Banga, officially the Municipality of Banga (Aklanon: Banwa it Banga; Hiligaynon: Banwa sang Banga; ), is a 3rd class municipality in the province of Aklan, Philippines. According to the 2020 census, it has a population of 40,318 people.

Banga is the site of the Aklan State University.

History 

The history of Banga dates back to the 15th century upon arrival in Panay Island of the ten datus from Borneo. While some skeptics considered this information a legend, still, Banganhons believed that Datu Manduyog ruled over the place with his seat of government located in Bakan, the ancient name of Banga. The site was at the foot of the Manduyog Hill that was named after Datu Manduyog. Being a legitimate successor to Datu Dangandanan who ruled what was called Akean in the late 1390s, Datu Manduyog became the ruler of Akean in 1437 and made Bakan the capital of Akean.

Another version of Banga's history from Panublion cited that Banga's ancient site was the present location of the Municipality of Malinao. In 1792 the town site was transferred across the Aklan River at the foot of Manduyog Hill. Several prominent families decided to remain in the “old town” which became a barrio and named Malinao after a placid tributary of the Aklan River.
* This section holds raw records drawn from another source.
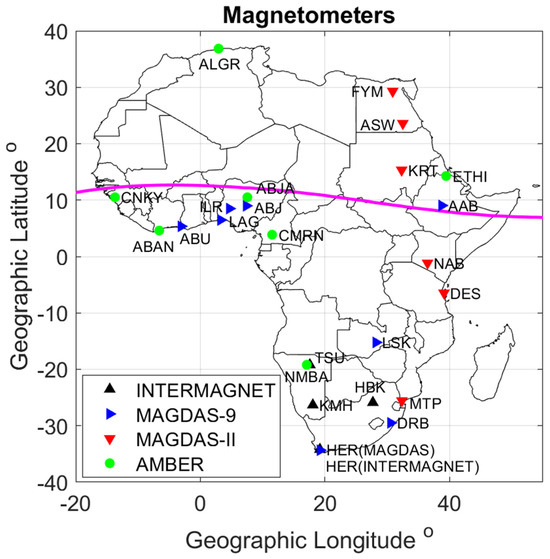 - Magnetic Data Acquisition System (MAGDAS) stations in Africa [32,33,34,35,36,37,38]
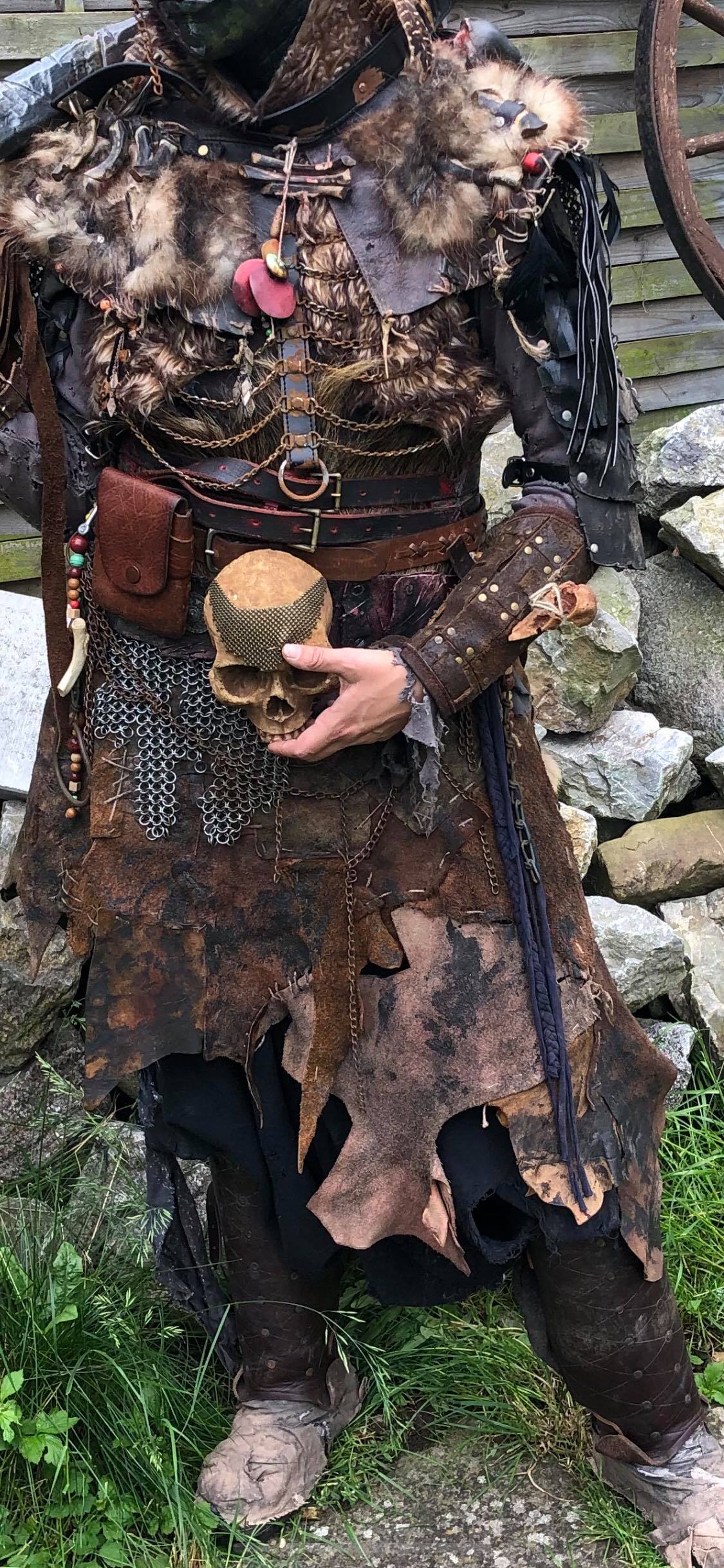 Ich mag auch die Fellmix(Hase und Wildschwein?) vom Brustteil. Wie kampftauglich der Kopfschmuck ist, wirst du wohl mal testen müssen. Im Garten mit Freunden ein wenig Larp Kampf in Maske(Rest is ja hierbei nicht so wichtig) sollte das schnell zeigen.
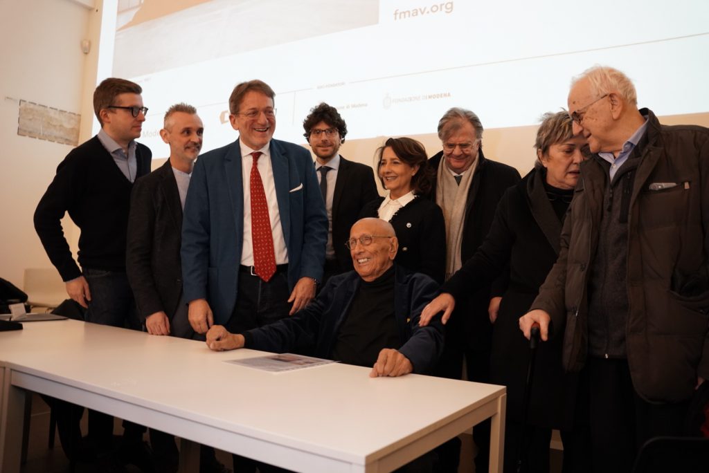 Si è svolto il 9 dicembre 2023 presso AGO Modena Fabbriche Culturali l’incontro FRANCO90 per festeggiare i novant’anni del celebre fotografo modenese Franco Fontana. Ad introdurre l’evento, partecipato da amici e ammiratori, la presidente di FMAV Fondazione Modena Arti Visive e di Fondazione AGO Donatella Pieri, il sindaco della città Gian Carlo Muzzarelli, il Rettore di Unimore Università degli studi di Modena e Reggio Emilia Carlo Adolfo Porro, e Massimiliano Morini, Consigliere di Amministrazione di Fondazione di Modena. Fontana, figura cardine della fotografia internazionale, si racconta a Nicolas Ballario, offrendo uno scorcio sulla sua infanzia e i primi passi nel mondo della fotografia, fino ad arrivare a riflessioni sulla tecnica fotografica e sull’importanza dell’identità d’autore.

The families of Bernabe Teodosio, Diego Eulalio Teodosio, Esteban Masigon and the Muntuyas established a settlement in 1676 in what is now Sitio Opong-opong of Barrio Cupang. However, these families moved to a higher ground due to its closeness to the Aklan River that overflowed annually. In 1781 they settled in sitio Agbueakan in Barrio Tabayon.

Due to the clayish soil conditions of the sitio, they again decided to resettle in 1783 in what is now the location of Banga poblacion. They named the place Banga after the Banga palm trees that were in abundance. Because of their growing families they had to cut down most of the trees to give way to their layout plans to establish a town close to their farmlands for residential purposes.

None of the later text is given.